Announcement

Collapse
No announcement yet.
X
  • Filter
  • Time
  • Show
Clear All
new posts

  • reshape issue

    I am trying to reshape variables from long to wide. I first tried:

    . reshape wide i(pop_WDI_PW - ri_out_BZ) j(year)
    option i() required

    long wide
    +---------------+ +------------------+
    | i j a b | | i a1 a2 b1 b2 |
    |---------------| <--- reshape ---> |------------------|
    | 1 1 1 2 | | 1 1 3 2 4 |
    | 1 2 3 4 | | 2 5 7 6 8 |
    | 2 1 5 6 | +------------------+
    | 2 2 7 8 |
    +---------------+

    long to wide: reshape wide a b, i(i) j(j) (j existing variable)
    wide to long: reshape long a b, i(i) j(j) (j new variable)
    r(198);

    . dataex
    input statement exceeds linesize limit. Try specifying fewer variables

    and then when I tried to make a dataex I wss informed that there were too many variables so that I only selected one variable and still got the same error message:

    . reshape wide, i(pop_WDI_PW) j(year)
    invalid syntax
    In the reshape command that you typed, you omitted the word wide or long, or substituted some other word for it. You should have typed

    . reshape wide varlist, ...
    or
    . reshape long varlist, ...

    You might have omitted varlist, too. The basic syntax of reshape is

    long wide
    +---------------+ +------------------+
    | i j a b | | i a1 a2 b1 b2 |
    |---------------| <--- reshape ---> |------------------|
    | 1 1 1 2 | | 1 1 3 2 4 |
    | 1 2 3 4 | | 2 5 7 6 8 |
    | 2 1 5 6 | +------------------+
    | 2 2 7 8 |
    +---------------+

    long to wide: reshape wide a b, i(i) j(j) (j existing variable)
    wide to long: reshape long a b, i(i) j(j) (j new variable)
    r(198);

    . dataex
    input statement exceeds linesize limit. Try specifying fewer variables
    r(1000);

    What am I doing wrong? Many thanks for any help.

    Ric

  • #2
    This is really hard to read. No data example and no CODE formatting. But what Stata is objecting to is fairly clear:


    Code:
    reshape wide i(pop_WDI_PW - ri_out_BZ) j(year)
    reshape wide expects to see a comma followed by i() and j() options. The comma is missing.

    reshape wide also expects to see stubnames but there aren't any.

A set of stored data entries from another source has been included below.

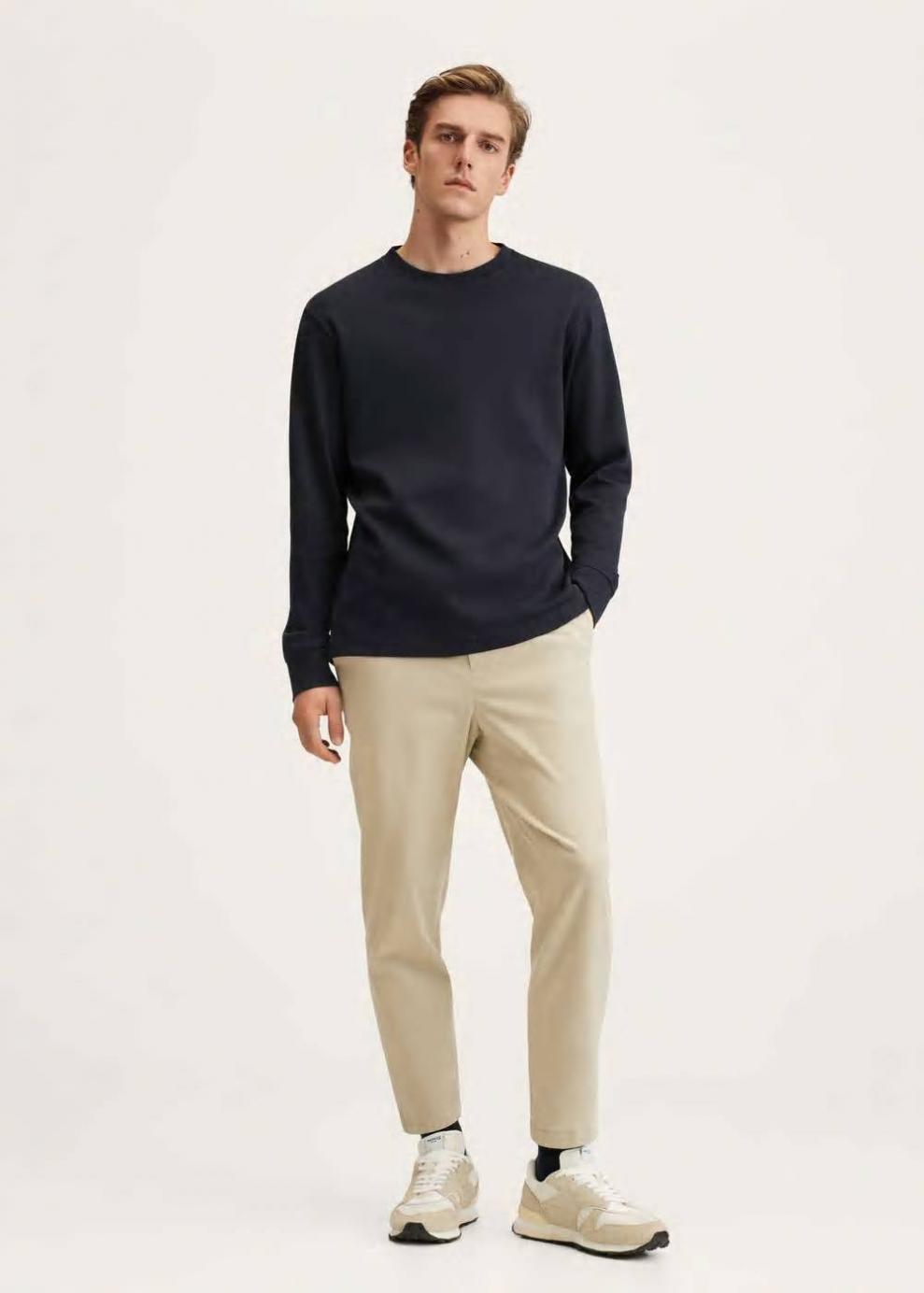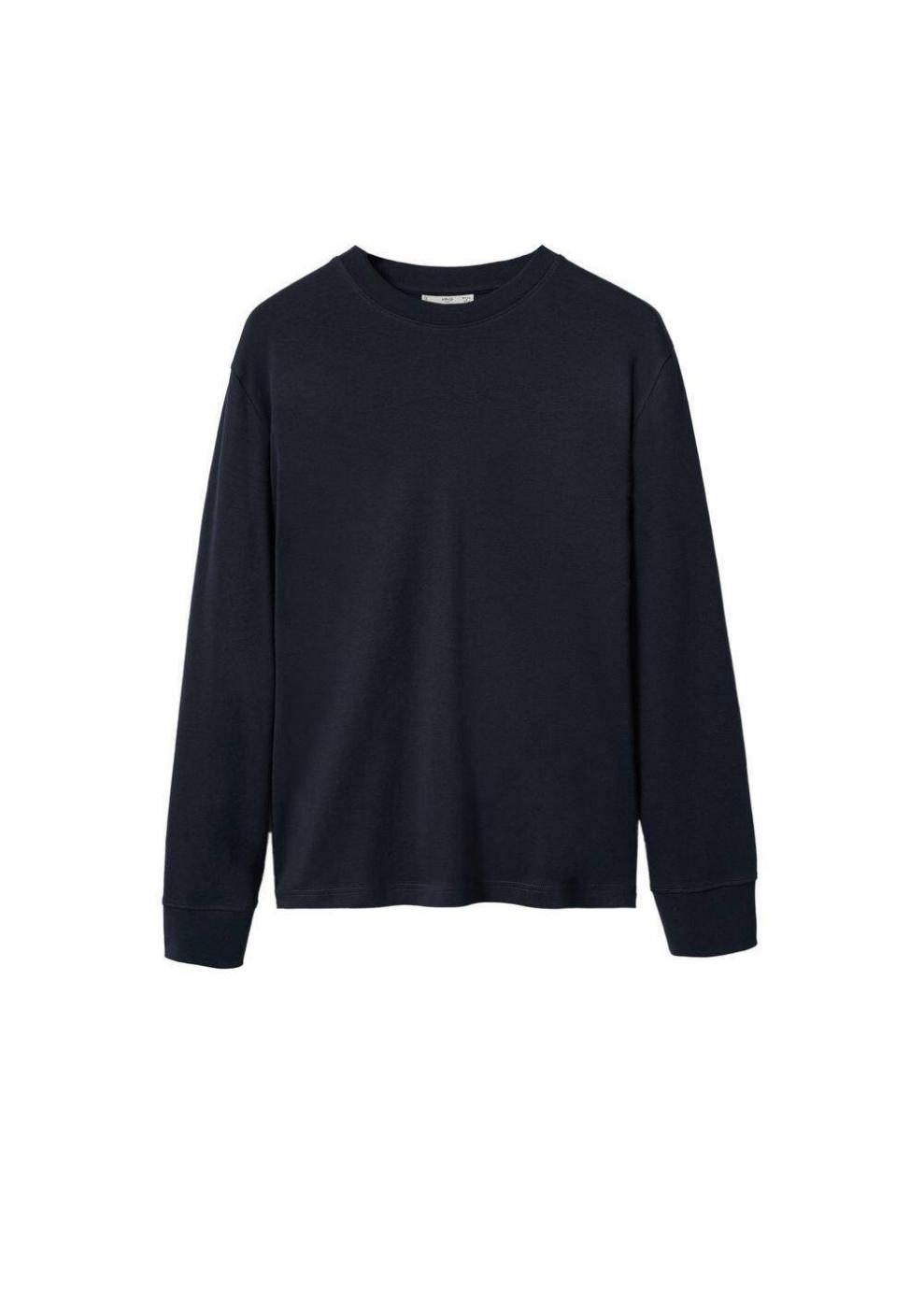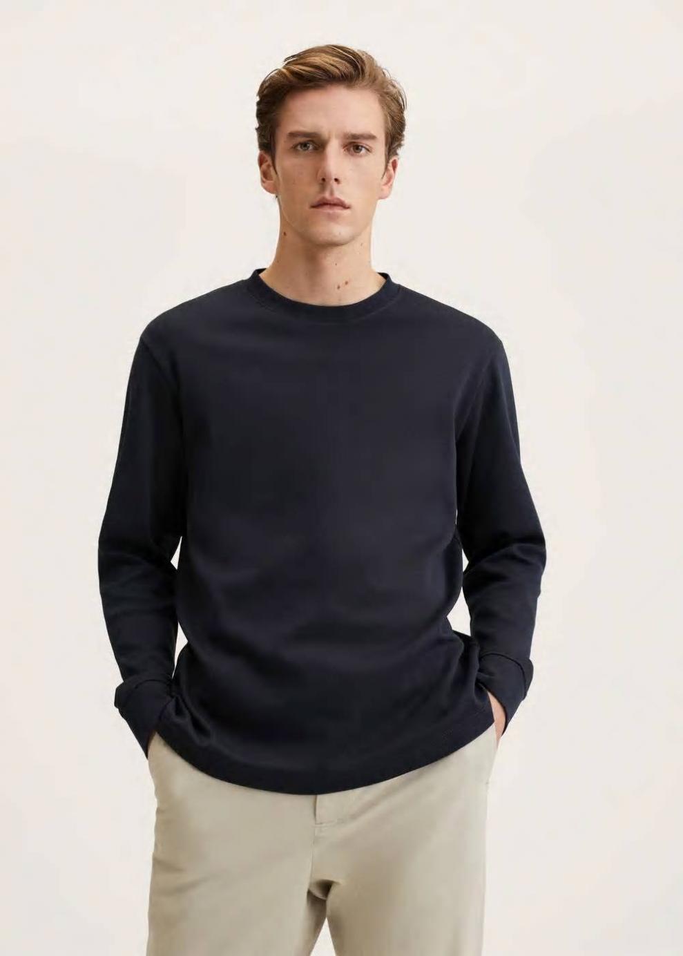 Regular fit Tejido de algodón sostenible Cuello redondo Manga larga con puños elásticos El modelo mide 187 cm y lleva una talla M Las prendas etiquetadas como Committed son productos que han sido confeccionadas con fibras y/o procesos de producción sostenible, reduciendo así su impacto ambiental. El objetivo de Mango es respaldar la implementación de prácticas más comprometidas con el medio ambiente, aumentando así, el número de prendas sostenibles en su colección.
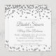 Bridal Shower Silver Faux Glitter Confetti White Invitation
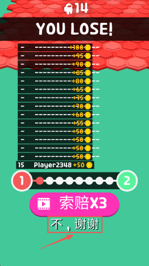 4、最后,如果游戏失败,可以选择“不,谢谢”来拒绝额外的赔付,然后重新开始。
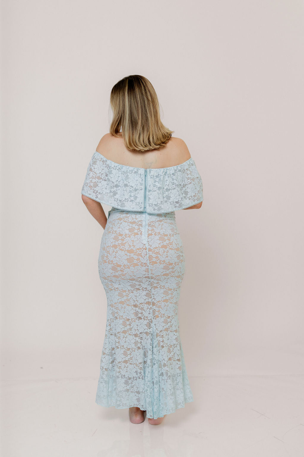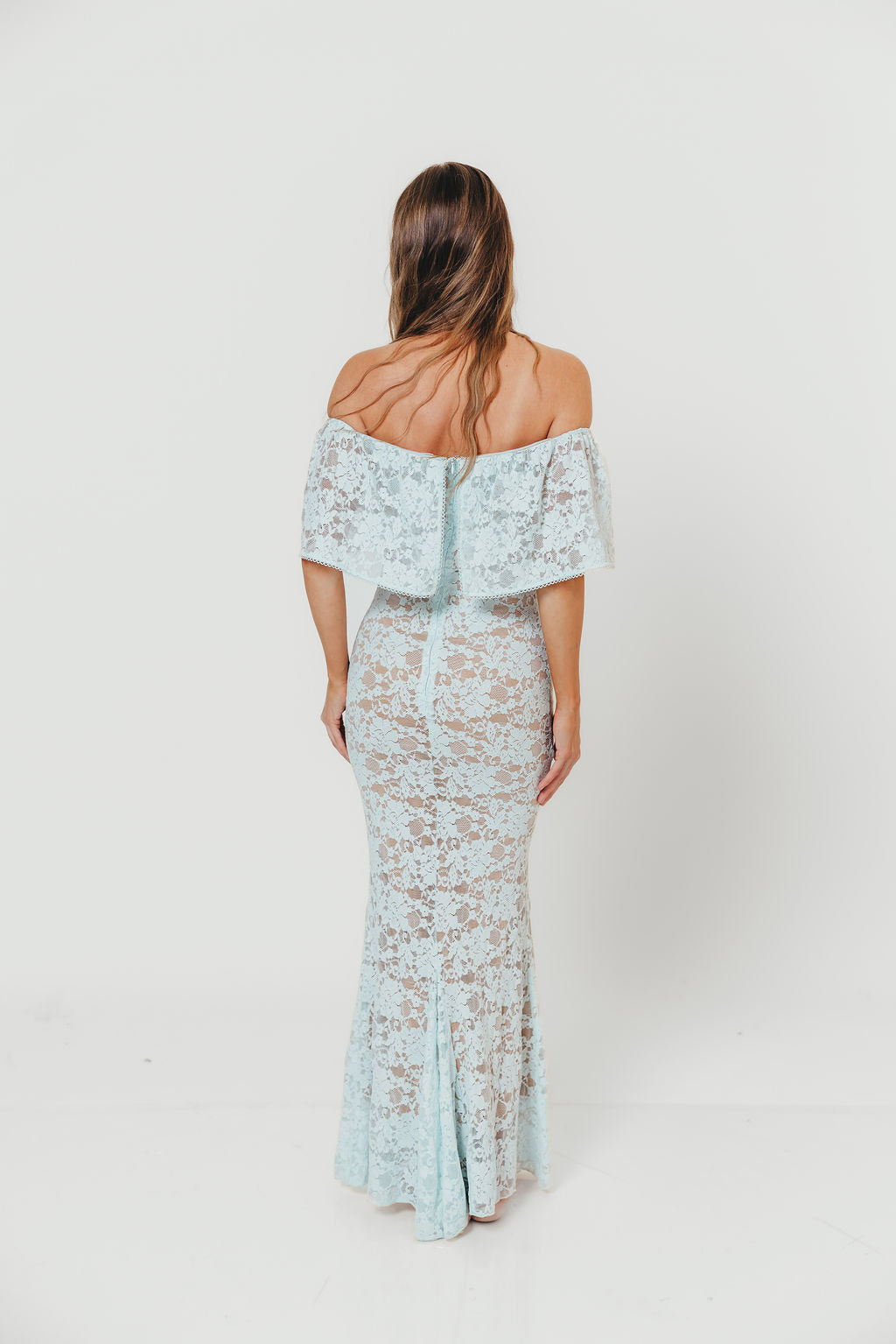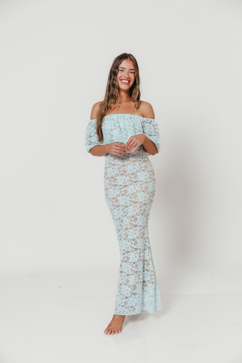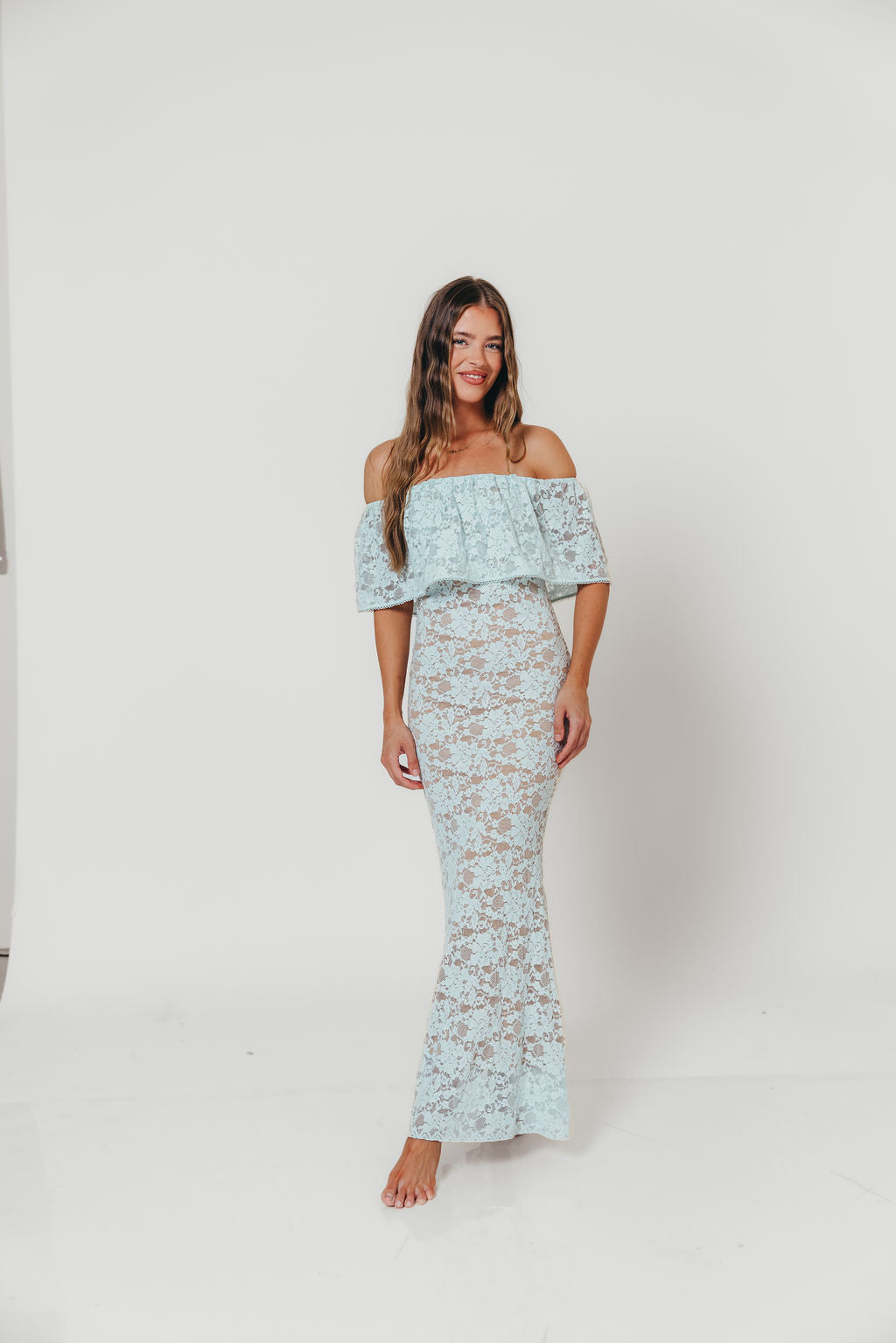 GARMENT DETAILS: Romantic lace-construction maxi dress with a dainty eyelet-trimmed off-the-shoulder neckline and a stretchy, fitted silhouette with a flared skirt. Fully lined.
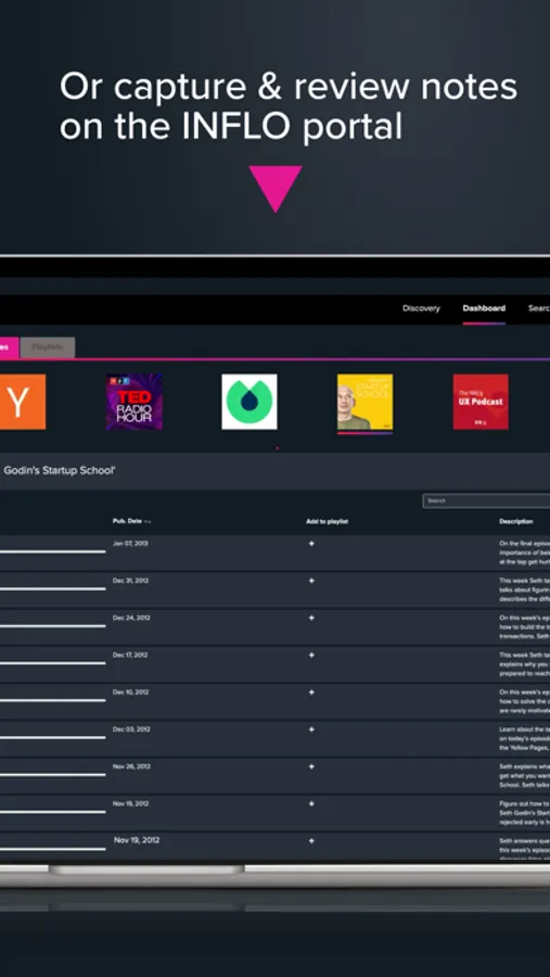 INFLO also has a desktop portal, which allows you to listen and capture notes from podcasts and create a personalized library of captured insights.
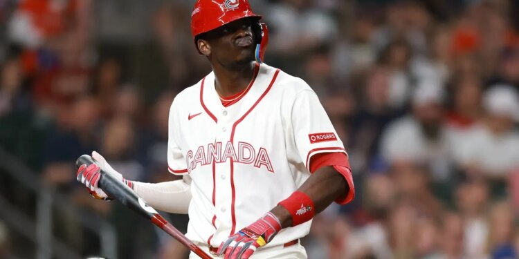 Denzel Clarke #1 of Team Canada reacts after striking out during the fifth inning against Team United States at Daikin Park on March 13, 2026, in Houston, Texas. (Kenneth Richmond/Getty Images)
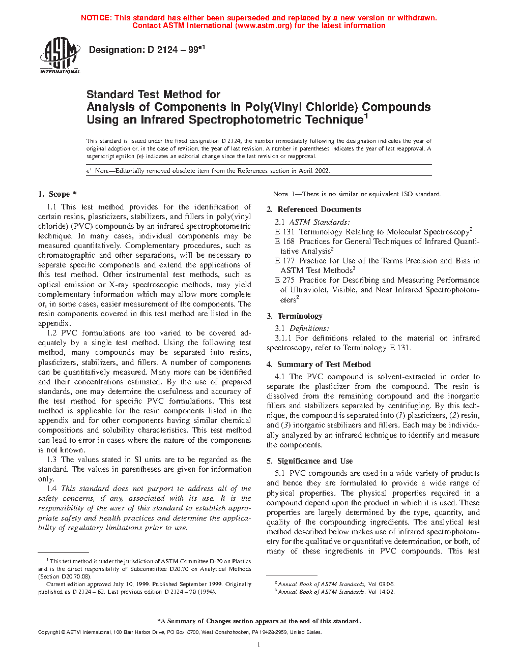 PVC compounds are used in a wide variety of products and hence they are formulated to provide a wide range of physical properties. The physical properties required in a compound depend upon the product in which it is used. These properties are largely determined by the type, quantity, and quality of the compounding ingredients. The analytical test method described below makes use of infrared spectrophotometry for the qualitative or quantitative determination, or both, of many of these ingredients in PVC compounds. This test method may be used for a variety of applications including process control, raw material acceptance, product evaluation, and determination of changes in composition resulting from environmental testing.
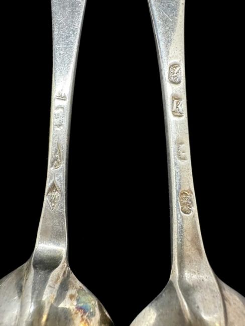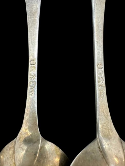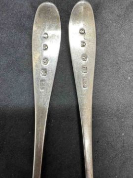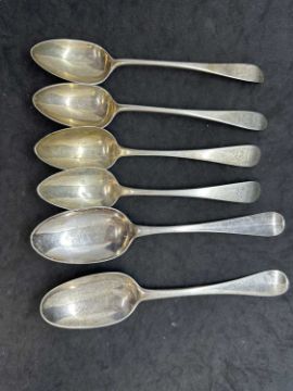 Flatware four dessert spoons and two serving spoons, mixed patterns and Scottish hallmarks. Total weight 8.25oz.
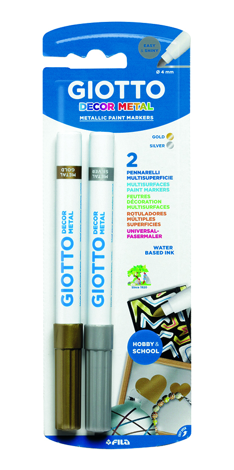 Metalické fixky Giotto s ideálnymi vlastnosťami pre kreslenie na papier, kovy, drevo, umelú hmotu, kožu či sklo.
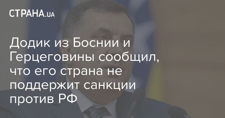 Додик из Боснии и Герцеговины сообщил, что его страна не поддержит санкции против РФ
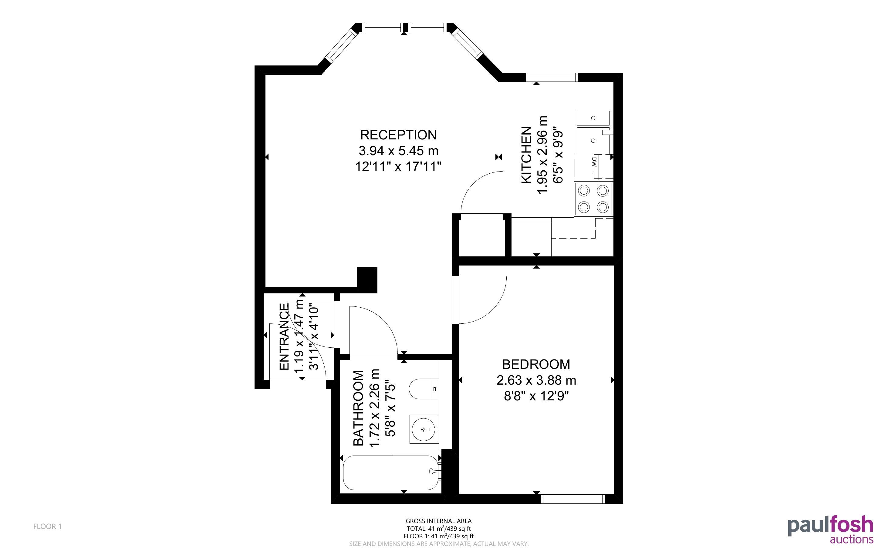 First Floor: Entrance hall, lounge/kitchen double bedroom, bathroom
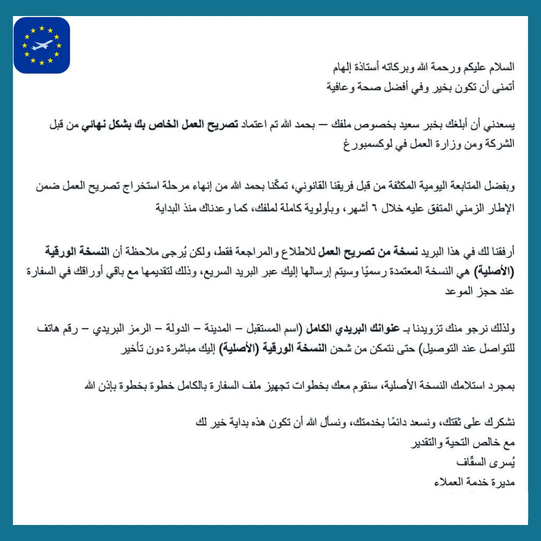 نجاحنا ما كان ليتم بدون هذا الفريق، وهم جزء أساسي من كل خطوة قانونية نمارسها، من تقديم الأوراق، إلى تنظيم المقابلات، إلى متابعة الفيزا، وكل شيء يتم وفقًا للقوانين الحديثة الرسمية في كل دولة
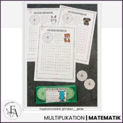 I detta paket får eleverna träna på multiplikationstabellerna 1-10 på ett lustfyllt sätt. Till varje tabell ingår två arbetsblad, ett i färg och ett i svartvitt där eleverna själva kan få färglägga bilderna. Eleverna kan snurra upp till 20 snurr per arbetsblad och till detta moment behövs ett gem och en penna. (Stick i pennan i gemet och snurra)
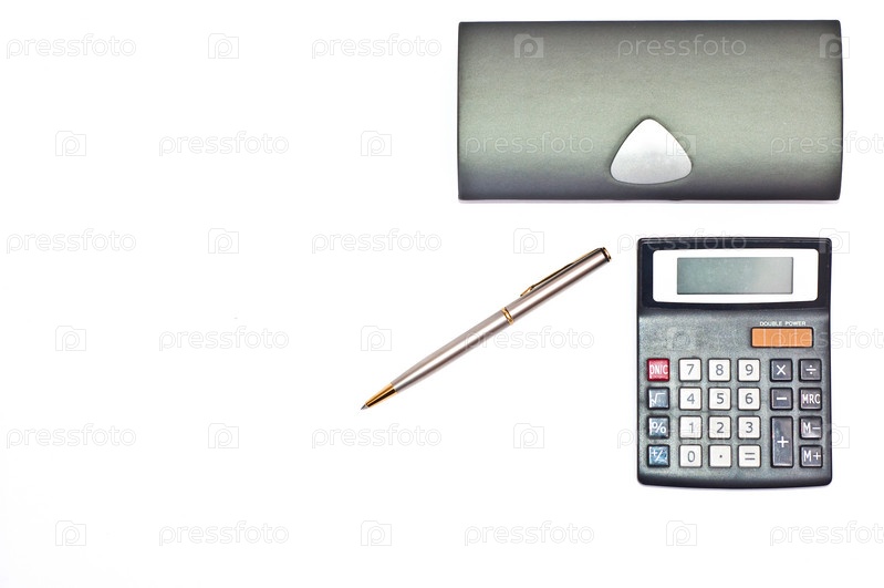Золото-серебряная ручка с калькулятором изолирована на белом

    There is an overarching problem: if you get two or more things wrong in a command, sometimes the parser in Stata doesn't see it your way and misreads what you said. As this appears to be some very large percent of politics too, the broad problem should be familiar, except that Stata has no idea of deceit, evasion or lies.

    I imagine that your command should start and end

    Code:
    reshape wide
    Code:
    j(year)
    but I can't easily guess what should be in the middle. The identifier, judging from your recent posts, is possibly a state or county or other area identifier.

    I am broadly familiar with dataex as its second author. It does try to hint what you're doing wrong.

    Code:
    input statement exceeds linesize limit. Try specifying fewer variables
    r(1000);
    Let's suppose you have electoral data for certain major parties in a certain country in different election years. Then a start might well be something like

    Code:
    reshape wide dem rep, i(county) j(year)

    Comment


    • #3
      Here is what I wrote now for just one variable for data by year and country (trying to ignore the other variables). I am trying to get variables for pop_WDI_PW for each of the years. The data are to be organized by country.

      reshape wide pop_WDI_PW ,i(country) j(year)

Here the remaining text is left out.